- **WORK INSTRUCTIONS**: Using the listing below, please print exactly the lines from the one with "Keyboard Sliding Board" through the one with "group of multi". Leave out every picture.

- **INFORMATION GIVEN**:
○ ○ ○ ○ ○

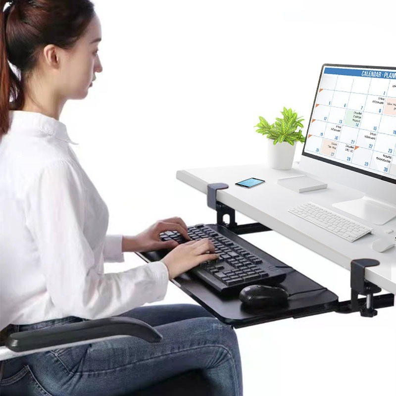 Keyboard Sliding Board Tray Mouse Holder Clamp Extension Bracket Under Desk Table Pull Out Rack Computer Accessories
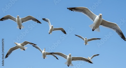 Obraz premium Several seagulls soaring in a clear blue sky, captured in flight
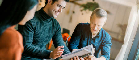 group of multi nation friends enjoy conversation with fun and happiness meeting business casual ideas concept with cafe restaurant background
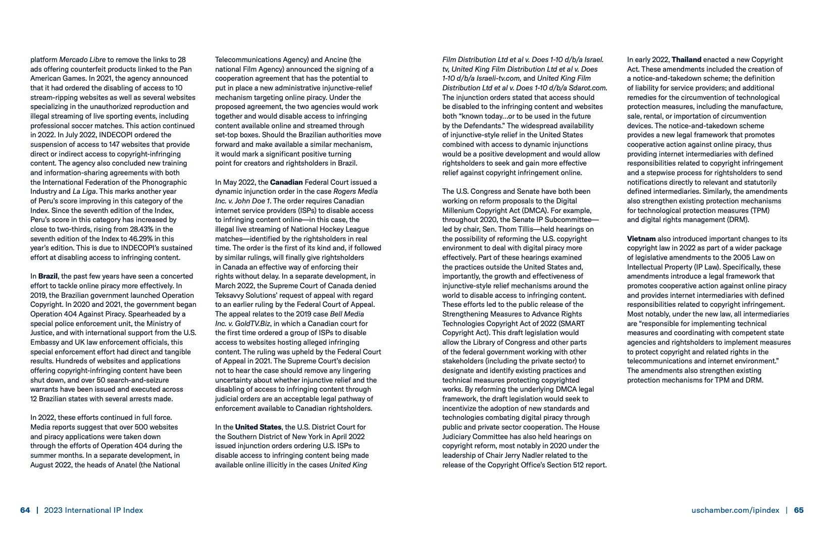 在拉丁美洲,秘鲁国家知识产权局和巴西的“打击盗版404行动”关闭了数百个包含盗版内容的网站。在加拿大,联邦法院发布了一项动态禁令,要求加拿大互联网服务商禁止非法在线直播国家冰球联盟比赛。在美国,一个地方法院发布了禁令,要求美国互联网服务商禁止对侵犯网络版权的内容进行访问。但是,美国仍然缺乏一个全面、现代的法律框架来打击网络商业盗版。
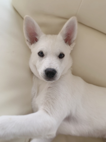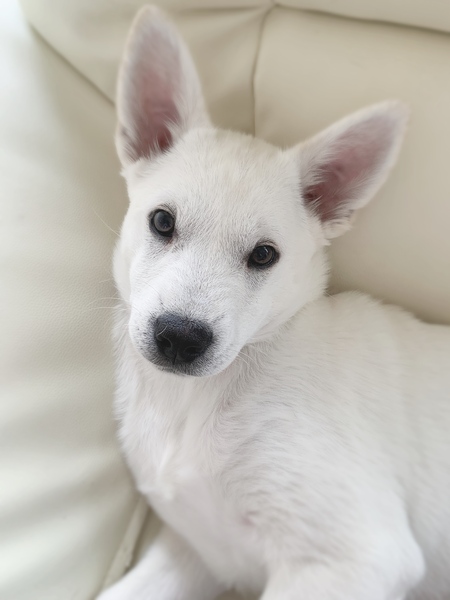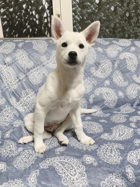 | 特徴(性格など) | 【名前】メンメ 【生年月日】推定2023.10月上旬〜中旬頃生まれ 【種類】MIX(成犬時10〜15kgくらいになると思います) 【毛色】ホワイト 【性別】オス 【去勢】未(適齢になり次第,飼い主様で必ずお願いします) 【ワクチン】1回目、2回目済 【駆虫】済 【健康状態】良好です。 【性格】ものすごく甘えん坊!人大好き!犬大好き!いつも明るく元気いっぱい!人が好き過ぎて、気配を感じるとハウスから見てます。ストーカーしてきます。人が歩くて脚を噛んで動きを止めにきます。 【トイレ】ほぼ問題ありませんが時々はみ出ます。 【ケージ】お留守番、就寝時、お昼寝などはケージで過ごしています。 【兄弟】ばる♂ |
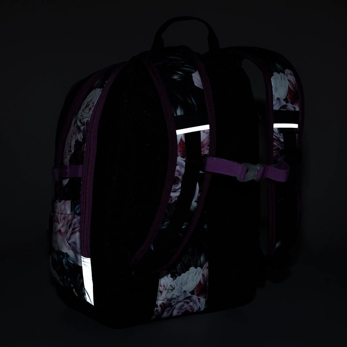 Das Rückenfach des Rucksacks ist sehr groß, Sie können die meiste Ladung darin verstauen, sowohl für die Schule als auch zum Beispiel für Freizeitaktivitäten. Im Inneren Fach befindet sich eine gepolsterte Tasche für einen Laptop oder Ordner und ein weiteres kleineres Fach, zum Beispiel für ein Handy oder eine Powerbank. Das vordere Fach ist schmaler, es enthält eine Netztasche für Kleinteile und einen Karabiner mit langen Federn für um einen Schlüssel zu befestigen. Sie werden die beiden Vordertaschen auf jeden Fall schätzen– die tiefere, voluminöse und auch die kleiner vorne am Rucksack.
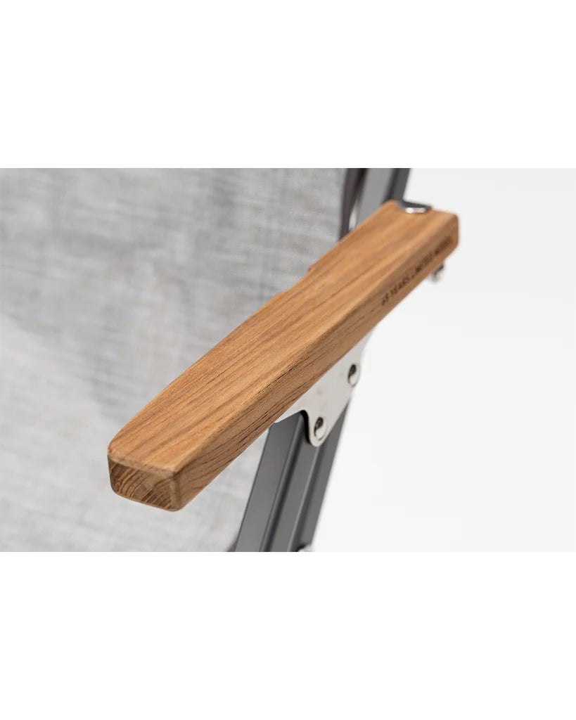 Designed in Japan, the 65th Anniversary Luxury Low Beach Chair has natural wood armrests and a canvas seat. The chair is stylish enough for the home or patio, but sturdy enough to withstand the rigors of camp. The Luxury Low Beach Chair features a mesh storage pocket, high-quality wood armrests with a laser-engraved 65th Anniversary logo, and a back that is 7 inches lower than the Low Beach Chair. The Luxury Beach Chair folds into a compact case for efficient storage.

○ ○ ○ ○ ○

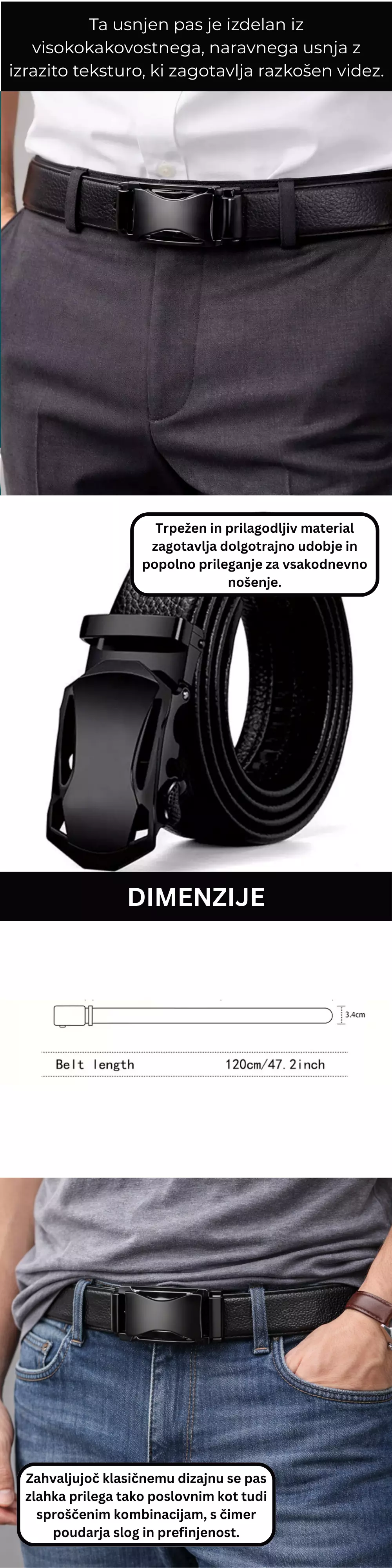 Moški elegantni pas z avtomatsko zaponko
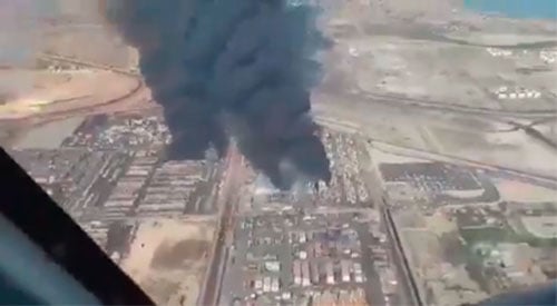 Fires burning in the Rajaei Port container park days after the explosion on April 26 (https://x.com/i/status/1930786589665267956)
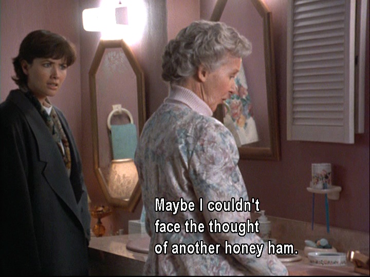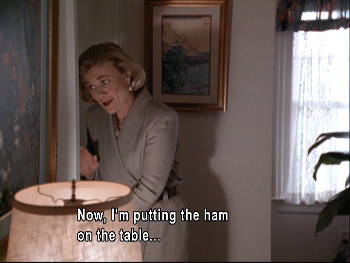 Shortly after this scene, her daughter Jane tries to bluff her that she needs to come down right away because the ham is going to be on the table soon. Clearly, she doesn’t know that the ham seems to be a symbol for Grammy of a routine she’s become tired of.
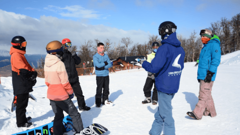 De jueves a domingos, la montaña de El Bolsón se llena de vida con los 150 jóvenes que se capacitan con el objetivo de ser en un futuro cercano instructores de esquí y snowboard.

○ ○ ○ ○ ○

- **WRITTEN ANSWER**:
 Keyboard Sliding Board Tray Mouse Holder Clamp Extension Bracket Under Desk Table Pull Out Rack Computer Accessories
 Obraz premium Several seagulls soaring in a clear blue sky, captured in flight
 group of multi nation friends enjoy conversation with fun and happiness meeting business casual ideas concept with cafe restaurant background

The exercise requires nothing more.